• **Prompt**
Leave the pictures aside. Retype exactly the lines from the top of the data below through the one holding "鈦和鐵含量與阿波羅樣品存在明顯差異".

• **Data below**

★ ★ ★ ★

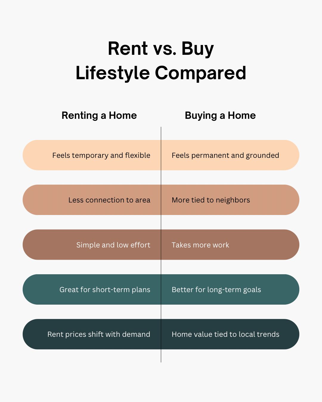 Flexibility matters. If you expect job changes, relocation, lifestyle shifts, or you’re not ready to commit to a house for years, renting gives you that freedom.
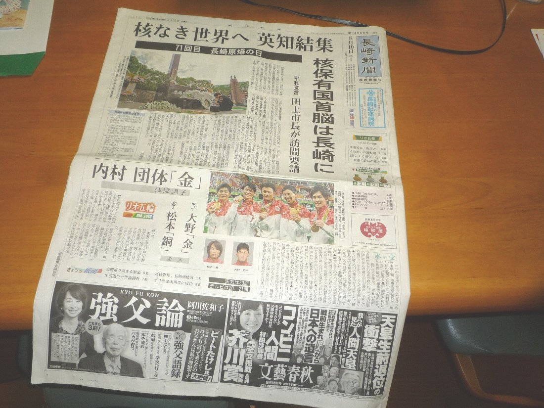 長崎県出身の有名人では福山雅治さんと人気を二分する内村選手ですから「原爆忌」じゃなかったら1面トップだったでしょうね
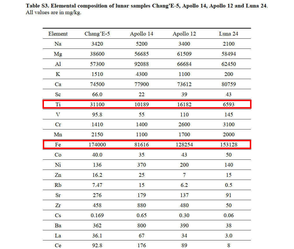 鈦和鐵含量與阿波羅樣品存在明顯差異
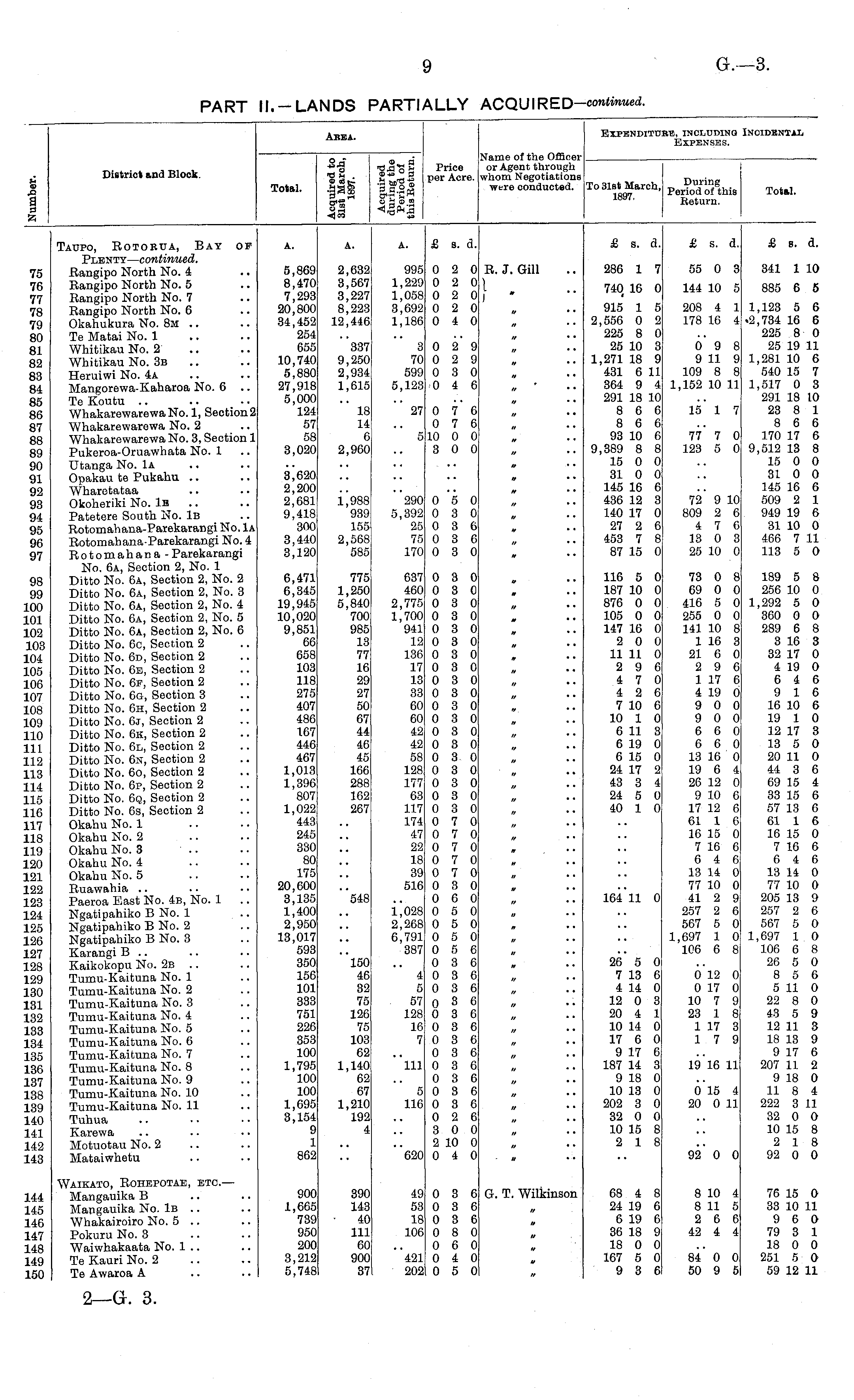 1 S3 District and Block. Abe a. °% «5"S § Price T ota, Ili fill - ACre - Abe a. Name of the Officer or Agent through whom Negotiations were conducted. expenditure, including incidental Expenses. To 31st March, 1897, During Period of this Eeturn. Total. Taupo, Botosui, Bay of Plenty— continued. Rangipo North No. 4 Bangipo North No. 5 Rangipo North No. 7 Rangipo North No. 6 Okahukura No. 8m .. Te Matai No. 1 Whitikau No. 2 Whitikau No. 3b Heruiwi No. 4a Mangorewa-Kaharoa No. 6 Te Koutu .. Whakarewarewa No. 1, Section 2 Whakarewarewa No. 2 Whakarewarewa No. 3, Section 1 Pukeroa-Oruawhata No. 1 Utanga No. Iα Opakau te Pukahu Wharetataa Okoheriki No. Iβ Patetere South No. Iβ Rotomahana-Parekarangi No. Iα Rotomahana-Parekarangi No. 4 Rotomahana -Parekarangi No. 6a, Section 2, No. 1 Ditto No. 6a, Section 2, No. 2 Ditto No. 6a, Section 2, No. 3 Ditto No. 6a, Section 2, No. 4 Ditto No. 6a, Section 2, No. 5 Ditto No. 6a, Section 2, No. 6 Ditto No. 6c, Secrion 2 Ditto No. 6d, Section 2 Ditto No. 6e, Section 2 Ditto No. 6f, Section 2 Ditto No. 6q, Section 3 Ditto No. 6h, Section 2 Ditto No. 6j, Section 2 Ditto No. 6k, Section 2 Ditto No. 6l, Section 2 Ditto No. 6n, Section 2 Ditto No. 60, Section 2 Ditto No. 6p, Section 2 Ditto No. 6q, Section 2 Ditto No. 6s, Section 2 Okahu No. 1 Okahu No. 2 Okahu No. 3 Okahu No. 4 Okahu No. 5 Ruawahia Paeroa East No. 4b, No. 1 Ngatipahiko B No. 1 Ngatipahiko B No. 2 Ngatipahiko B No. 3 Karangi B .. Kaikokopu No. 2b .. Tumu-Kaituna No. 1 Tumu-Kaituna No. 2 Tumu-Kaituna No. 3 Tumu-Kaituna No. 4 Tumu-Kaituna No. 5 Tumu-Kaituna No. 6 Tumu-Kaituna No. 7 Tumu-Kaituna No. 8 Tumu-Kaituna No. 9 Tumu-Kaituna No. 10 Tumu-Kaituna No. 11 Tuhua Karewa Motuotau No. 2 Mataiwhetu A. A. A. £ s. d. & s. d. £ s. d. £ s. d. 75 76 77 78 79 80 81 82 83 84 85 86 87 88 89 90 91 92 93 94 95 96 97 5,869 8,470 7,293 20,800 34,452 254 655 10,740 5,880 27,918 5,000 124 57 58 3,020 2,632 3,567 3,227 8,223 12,446 995 1,229 1,058 3,692 1,186 0 2 0 0 2 0 0 2 0 0 2 0 0 4 0 R. J. Gill ! ■ •■ 286 1 7 740 16 0 915 1 5 2,556 0 2 225 8 0 25 10 3 1,271 18 9 431 6 11 364 9 4 291 18 10 8 6 6 8 6 6 93 10 6 9,389 8 8 15 0 0 31 0 0 145 16 6 436 12 3 140 17 0 27 2 6 453 7 8 87 15 0 55 0 3 144 10 5 341 1 10 885 6 5 337 9,250 2,934 1,615 18 14 G 2,960 70 599 5,123 27 K 0 2 9 0 2 9 0 3 0 0 4 6 0 7 6 0 7 6 10 0 0 3 0 0 208 4 1 178 16 4 0 9 8 9 11 9 109 8 8 1,152 10 11 15 1 7 77 7 0 123 5 0 1,123 5 6 ■2,734 16 6 225 8 0 25 19 11 1,281 10 6 540 15 7 1,517 0 3 291 18 10 23 8 1 8 6 6 170 17 6 9,512 13 8 15 0 0 31 0 0 145 16 6 509 2 1 949 19 6 31 10 0 466 7 11 113 5 0 3,620 2,200 2,681 9,418 300 3,440 3,120 1,988 939 155 2,568 585 290 5,392 25 170 0 5 0 0 3 0 0 3 6 0 3 6 0 3 0 72 9 10 809 2 6 4 7 6 13 0 3 25 10 0 98 99 100 101 102 103 104 105 106 107 108 109 110 111 112 113 114 115 116 117 118 119 120 121 122 123 124 125 126 127 128 129 130 131 132 133 134 135 136 137 138 139 140 141 142 143 6,471 6,345 19,945 10,020 9,851 66 658 103 118 275 407 486 167 446 467 1,013 1,396 807 1,022 443 245 330 80 175 20,600 3,135 1,400 2,950 13,017 593 350 156 101 333 751 226 353 100 1,795 100 100 1,695 3,154 9 1 862 775 1,250 5,840 700 985 13 77 16 29 27 50 67 44 46 45 166 288 162 267 637 460 2,775 1,700 941 12 136 17 13 33 60 60 42 42 58 128 177 63 117 174 47 22 18 39 516 0 3 0 0 3 0 0 3 0 0 3 0 0 3 0 0 3 0 0 3 0 0 3 0 0 3 0 0 3 0 0 3 0 0 3 0 0 3 0 0 3 0 0 3 0 0 3 0 0 3 0 0 3 0 0 3 0 0 7 0 0 7 0 0 7 0 0 7 0 0 7 0 0 3 0 0 6 0 0 5 0 0 5 0 0 5 0 0 5 6 0 3 6 0 3 6 0 3 6 0 3 6 0 3 6 0 3 6 0 3 6 0 3 6 0 3 6 0 3 6 0 3 6 0 3 6 0 2 6 3 0 0 2 10 0 0 4 0 it • • // • • 116 5 0 187 10 0 876 0 0 105 0 0 147 16 0 2 0 0 11 11 0 2 9 6 4 7 0 4 2 6 7 10 6 10 1 0 6 11 3 6 19 0 6 15 0 24 17 2 43 3 4 24 5 0 40 1 0 73 0 8 69 0 0 416 5 0 255 0 0 141 10 8 1 16 3 21 6 0 2 9 6 1 17 6 4 19 0 9 0 0 9 0 0 6 6 0 6 6 0 13 16 0 19 6 4 26 12 0 9 10 6 17 12 6 61 1 6 16 15 0 7 16 6 6 4 6 13 14 0 77 10 0 41 2 9 257 2 6 567 5 0 1,697 1 0 106 6 8 189 5 8 256 10 0 1,292 5 0 360 0 0 289 6 8 3 16 3 32 17 0 4 19 0 6 4 6 9 16 16 10 6 19 1 0 12 17 3 13 5 0 20 11 O 44 3 6 69 15 4 33 15 6 57 13 6 61 1 6 16 15 0 7 16 6 6 4 6 13 14 0 77 10 0 205 13 9 257 2 6 567 5 0 1,697 1 0 106 6 8 26 5 0 8 5 6 5 11 0 22 8 0 43 5 9 12 11 3 18 13 9 9 17 6 207 11 2 9 18 0 11 8 4 222 3 11 32 0 0 10 15 8 2 18 92 0 0 "548 tt ■ • 164 11 0 1,028 2,268 6,791 387 150 46 32 75 126 75 103 62 1,140 62 67 1,210 192 4 4 5 57 128 16 7 it • ■ 26 5 0 7 13 6 4 14 0 12 0 3 20 4 1 10 14 0 17 6 0 9 17 6 187 14 3 9 18 0 10 13 0 202 3 0 32 0 0 10 15 8 2 18 0 12 0 0 17 0 10 7 9 23 1 8 1 17 3 17 9 111 19 16 11 5 116 6 15 4 20 0 11 '"620 92 0 0 144 145 146 147 148 149 150 Waikato, Rohepotae, etc. — Mangauika B Mangauika No. Iβ .. Whakairoiro No. 5 .. Pokuru No. 3 Waiwhakaata No. 1 .. Te Kauri No. 2 Te Awaroa A 900 1,665 739 950 200 3,212 5,748 390 143 40 111 60 900 37 49 53 18 106 0 3 6 0 3 6 0 3 6 0 8 0 0 6 0 0 4 0 0 5 0 G. T. Wilkinson 68 4 8 24 19 6 6 19 6 36 18 9 18 0 0 167 5 0 9 3 6 8 10 4 8 11 5 2 6 6 42 4 4 76 15 0 33 10 11 9 6 0 79 3 1 18 0 0 251 5 O 59 12 11 "421 202 84 0 0 50 9 5

★ ★ ★ ★

• **Solution to this problem**
 Flexibility matters. If you expect job changes, relocation, lifestyle shifts, or you’re not ready to commit to a house for years, renting gives you that freedom.
 長崎県出身の有名人では福山雅治さんと人気を二分する内村選手ですから「原爆忌」じゃなかったら1面トップだったでしょうね
 鈦和鐵含量與阿波羅樣品存在明顯差異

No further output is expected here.